DATE: FRIDAY, May 4, 1990                   TAG: 9005040171
SECTION: NATIONAL/INTERNATIONAL                    PAGE: A4   EDITION: METRO 
SOURCE: Newsday
DATELINE:                                 LENGTH: Medium


U.S. ROLE IN DRUG LORD DEATH CLAIMED

U.S. forces helped plan and led the December air assault in Colombia that resulted in the slayings of narcotics kingpin Jose Gonzalo Rodriguez Gacha, his 17-year-old son Fredy and several bodyguards, according to U.S. government sources.

President Bush, reaffirming previous administration denials, said at a news conference Thursday that U.S. troops were not involved in the Gacha operation. "U.S. troops in Colombia? No. That's the answer," the president told reporters.

The government of Colombian President Virgilio Barco also has said that no U.S. troops were involved in the Dec. 15 helicopter attack, praised by the two governments as a landmark victory in the fight against narcotics traffickers. And in an interview in Bogota last week, the head of the Colombian secret police repeated that government's assertion that it was purely a Colombian operation.

But a special operations officer familiar with details of the raid and a congressional source who received a briefing after the mission told Newsday that a small U.S. special operations team both planned and carried it out with an elite Colombian police unit. Three other defense sources and a House aide confirmed that at least three U.S. military personnel took part in the helicopter assault.

The mission was covert, meaning that American involvement was intended to be concealed and protected through "plausible deniability," the sources said.

A military intelligence source said that the Colombian police presence in the operation was characterized as "window dressing."

"Officially we say they did it," the congressional source said, "but in fact it was us."

Administration officials are mindful of the potential political fallout in Colombia if direct U.S. military involvement became a matter of public knowledge there. The plan, according to the special operations source with detailed knowledge of the events, was to capture Rodriguez Gacha and to bring him to trial in the United States on narcotics charges.

Another source described one of the Americans as an Army officer who had been detached to the CIA for several years.

The special operations source said that after one of the helicopters in the mission was fired upon by a fleeing Rodriguez Gacha and his guards, the commanding officer, identified by one source as an American, gave the order to fire back.

This source said that the death of Rodriguez Gacha initially caused consternation among U.S. officials, especially in the military, who blamed the American team leader for the failure to capture the drug kingpin alive.
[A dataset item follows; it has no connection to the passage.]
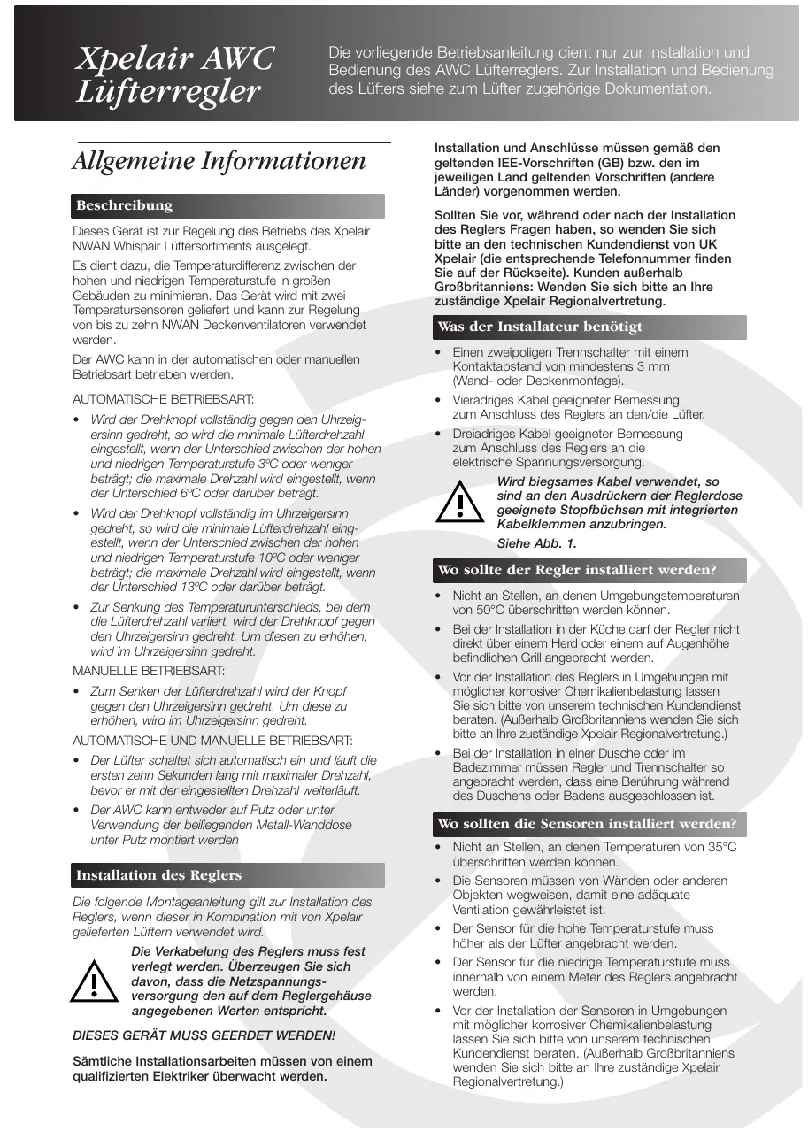 Xpelair AWC Lüfterregler des Lüfters siehe zum Lüfter zugehôrige Dokumentation Allgemeine Informationen Dieses Gerät ist zur Regelung des Betriebs des Xpelair NWAN Whispair Lüftersortiments ausgelegt. Es dient dazu, die Temperaturdifferenz zwischen der hohen und niedrigen Temperaturstufe in groBen Gebäuden zu minimieren. Das Gerät wird mit zwei Temperatursensoren geliefert und kann zur Regelung von bis zu zehn NWAN Deckenventiatoren verwendet werden. Der AWC kann in der automatischen oder manuellen Betriebsart betrieben werden. AUTOMATISCHE BETRIEBSART: + Wird der Drehknopf volständig gegen den Uhrzeig- ersinn gedreht, so wird die minimale Lüfterarehzahl eingestell, wenn der Unterschied zwischen der hohen und niedrigen Temperaturstufe &°C oder weniger beträgt: die maximale Drehzahl wird eingestelt, wenn der Unterschied 6°C oder darüber beträgt. Wir der Drehknopf volständig im Uhrzeigersinn gedreht, so wird die minimale Lüfterdrehzahl eing- estelt, wenn der Unterschied zwischen der hohen und niedrigen Temperaturstufe 10°C oder weniger. beträgt: die maximale Drehzahl wird eingestelt, wenn der Unterschied 1&C oder darüber beträgt. Zur Senkung des Temperaturunterschieds, bei dem die Lüfterdrehzahl variert, wird der Drehknopf gegen den Uhrzeigersinn gedreht. Um diesen zu erhôhen, wird im Uhrzeigersinn gedreht. MANUELLE BETRIEBSART: + Zum Senken der Lüfterdrehzahl wird der Knopf gegen den Uhrzeïgersinn gedreht. Um diese zu erhôhen, wird im Uhrzeigersinn geateht. AUTOMATISCHE UND MANUELLE BETRIEBSART: +_ Der Lüfter schaltet sich automatisch ein und läuft die ersten zehn Sekunden lang mit maximaler Drehzahl bevor er mit der eingestelten Drehzahl weiterläuft. +_ Der AWC kann entweder auf Putz oder unter Venwendung der bellegenden Metal-Wanddose unter Putz montiert werden Die folgende Montageanieitung gil zur Installation des Reglers, wenn dieser in Kombination mit von Xpelair gelieferten Lüftem verwendet wird. Die Verkabelung des Reglers muss fest verlegt werden. Überzeugen Sie sich davon, dass die Netzspannungs- versorgung den auf dem Reglergehäuse angegebenen Werten entspricht. DIESES GERÂT MUSS GEERDET WERDEN! Sämtliche Installationsarbeiten müssen von einem qualifizierten Elektriker überwacht werden. Installation und Anschlüsse müssen gemäB den geltenden IEE-Vorschriften (GB) bzw. den im jeweiligen Land geltenden Vorschriften (andere Länder) vorgenommen werden. Soliten Sie vor, während oder nach der Installation des Reglers Fragen haben, so wenden Sie sich bitte an den technischen Kundendienst von UK Xpelair (die entsprechende Telefonnummer finden Sie auf der Rückseite). Kunden auBerhalb GroBbritanniens: Wenden Sie sich bitte an Ihre zuständige Xpelair Regionalvertretung. Was der Installateur benôtigt Einen zweipoligen Trennschalter mit einem Kontaktabstand von mindestens 3 mm {Wand- oder Deckenmontage) Vieradiges Kabel gesigneter Bemessung zum Anschluss des Reglers an den/die Lüfter Dreiacriges Kabel geeigneter Bemessung zum Anschluss des Reglers an die elektrische Spannungsversorgung. Wird biegsames Kabel verwendet, so À sind an den Ausdrückern der Reglerdose geeignete Stopfbächsen mit integrierten Kabelklemmen anzubringen. Siehe Abb. 1. Wo sollte der Regler installiertwerdent Nicht an Stellen, an denen Umgebungstemperaturen von 50°C überschritten werden kënnen. Bei der Installation in der Küche clarf der Regler nicht: direkt über einem Herci oder einem auf Augenhôhe befindichen Gril angebracht werden. Vor der Installation des Reglers in Umgebungen mit môglicher korrosiver Chemikalienbeastung lassen Sie Sich bitte von unserem technischen Kundendienst beraten. (AuBerhalb Grofbritanniens wenden Sie sich bitte an Ihre zuständige Xpelair Regionalvertretung } Bi der Installation in einer Dusche oder im Badezimmer müssen Regler und Trennschalter so angebracht werden, dass eine Berührung während des Duschens oder Badens ausgeschlossen ist. oren installiert Werdei +_Nicht an Stellen, an denen Temperaturen von 35°C überschritten werden Kônnen. Die Sensoren müssen von Wänden oder anderen Objekten wegweisen, damit eine adäquate Ventilation gewährleistet ist. Der Sensor für die hohe Temperaturstufe muss hôher ais der Lüfter angebracht werden. Der Sensor für die niedrige Temperaturstufe muss innerhalb von einem Meter des Reglers angebracht werden. Vor der Installation der Sensoren in Umgebungen mit môglcher korrosiver Chemikalienbelastung lassen Sie sich bitte von unserem technischen Kündendienst beraten. (AuBerhalb GroBbritanniens wenden Sie sich bitte an Ihre zuständige Xpelair RegionalWvertretung.)

He said that the team leader, whom two sources identified as the overall commander of the operation, feared that his military career was over and "was packing his bags and wondering what he was going to do next." But the concerns faded quickly with the outpouring of favorable public reaction.

Accounts by the U.S. sources varied somewhat on the extent of the U.S. role, though they all agreed only a small number of Americans was involved.

In a briefing, according to a House aide, officials said only that a small number of Special Forces troops accompanied the Colombians aboard an unspecificed number of helicopters.

Both the House and Senate intelligence committees were notified of the operation through a presidential "finding" that the mission was in the national interest, according to two congressional sources who would not provide further details.